#### Assignment:
Print the line containing "Сказка о Шмеле Салтановиче" and each line after it through the end of the material below, exactly as it appears, but skip the pictures.

#### Records shown:
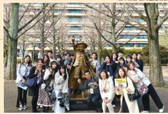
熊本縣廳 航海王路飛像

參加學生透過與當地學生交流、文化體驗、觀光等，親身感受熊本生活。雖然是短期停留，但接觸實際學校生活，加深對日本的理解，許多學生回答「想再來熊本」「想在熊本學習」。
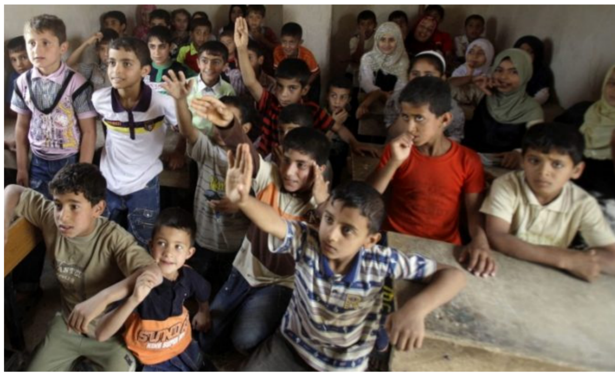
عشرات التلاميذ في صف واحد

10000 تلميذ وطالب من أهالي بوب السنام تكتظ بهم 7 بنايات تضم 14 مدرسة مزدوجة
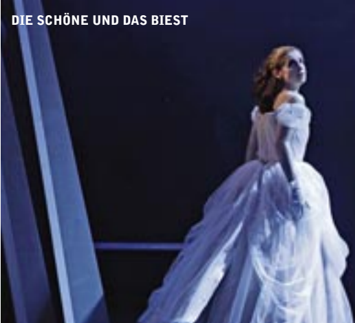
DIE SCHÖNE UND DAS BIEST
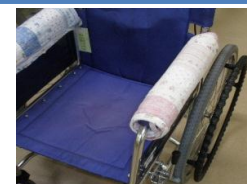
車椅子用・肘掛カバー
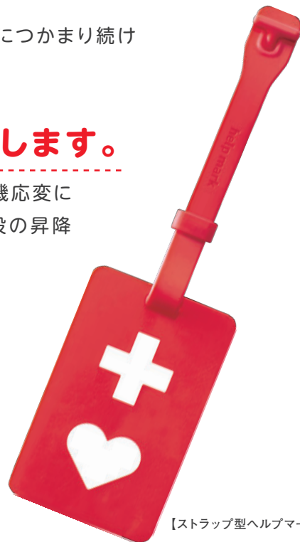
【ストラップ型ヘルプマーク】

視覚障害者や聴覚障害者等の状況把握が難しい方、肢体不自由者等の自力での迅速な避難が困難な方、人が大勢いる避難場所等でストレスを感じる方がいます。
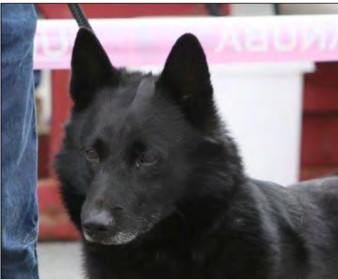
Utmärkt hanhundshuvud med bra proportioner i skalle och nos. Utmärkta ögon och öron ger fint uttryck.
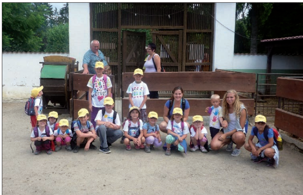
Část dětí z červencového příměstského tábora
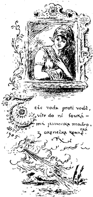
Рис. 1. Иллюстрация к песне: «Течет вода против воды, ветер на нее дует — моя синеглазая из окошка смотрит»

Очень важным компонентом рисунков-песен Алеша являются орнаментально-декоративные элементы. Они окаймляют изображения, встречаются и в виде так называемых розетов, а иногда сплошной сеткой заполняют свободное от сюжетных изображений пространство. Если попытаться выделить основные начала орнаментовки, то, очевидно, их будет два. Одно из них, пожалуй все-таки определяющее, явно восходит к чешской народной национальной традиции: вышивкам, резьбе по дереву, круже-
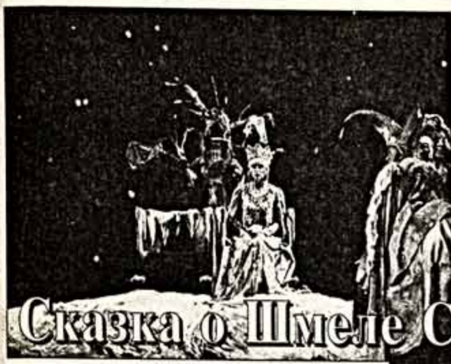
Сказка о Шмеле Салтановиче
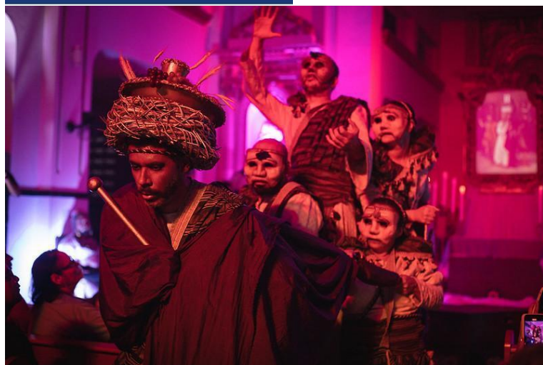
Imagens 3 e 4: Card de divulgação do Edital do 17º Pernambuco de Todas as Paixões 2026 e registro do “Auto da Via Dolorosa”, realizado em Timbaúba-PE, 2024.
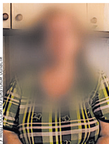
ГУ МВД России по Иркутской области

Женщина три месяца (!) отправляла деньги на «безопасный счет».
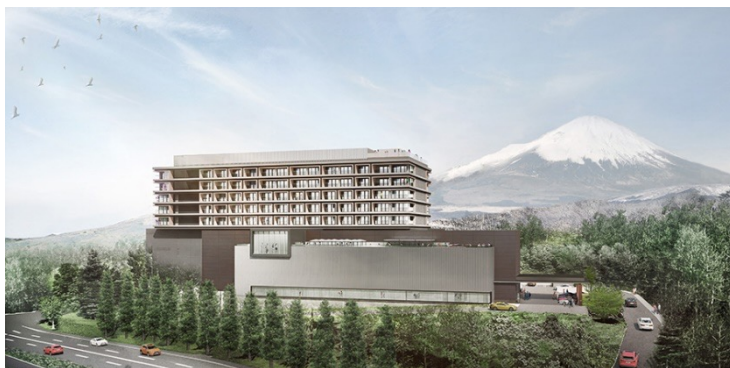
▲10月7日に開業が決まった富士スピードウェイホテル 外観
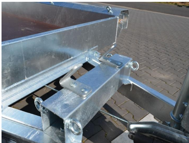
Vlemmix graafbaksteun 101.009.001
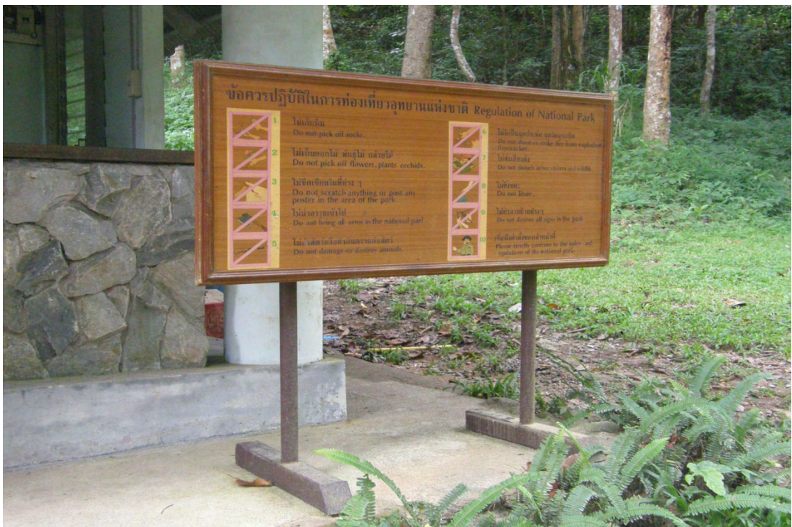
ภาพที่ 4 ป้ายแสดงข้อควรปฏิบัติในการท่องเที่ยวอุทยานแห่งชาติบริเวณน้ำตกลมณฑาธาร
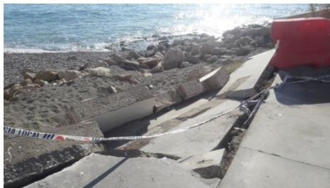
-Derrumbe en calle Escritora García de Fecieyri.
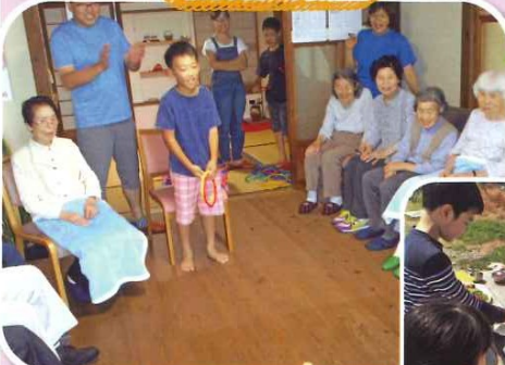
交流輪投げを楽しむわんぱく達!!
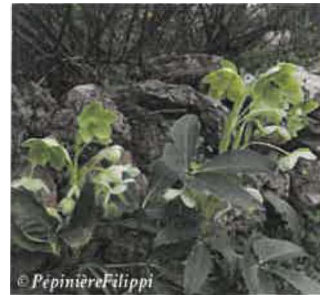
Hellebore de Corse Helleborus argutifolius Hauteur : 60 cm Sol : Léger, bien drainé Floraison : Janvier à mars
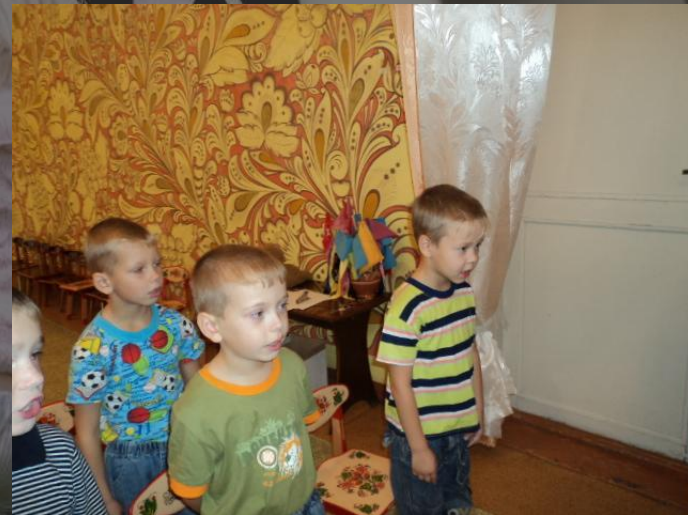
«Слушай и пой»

#### Answer section:
Сказка о Шмеле Салтановиче
Imagens 3 e 4: Card de divulgação do Edital do 17º Pernambuco de Todas as Paixões 2026 e registro do “Auto da Via Dolorosa”, realizado em Timbaúba-PE, 2024.
ГУ МВД России по Иркутской области

Женщина три месяца (!) отправляла деньги на «безопасный счет».
▲10月7日に開業が決まった富士スピードウェイホテル 外観
Vlemmix graafbaksteun 101.009.001
ภาพที่ 4 ป้ายแสดงข้อควรปฏิบัติในการท่องเที่ยวอุทยานแห่งชาติบริเวณน้ำตกลมณฑาธาร
-Derrumbe en calle Escritora García de Fecieyri.
交流輪投げを楽しむわんぱく達!!
Hellebore de Corse Helleborus argutifolius Hauteur : 60 cm Sol : Léger, bien drainé Floraison : Janvier à mars
«Слушай и пой»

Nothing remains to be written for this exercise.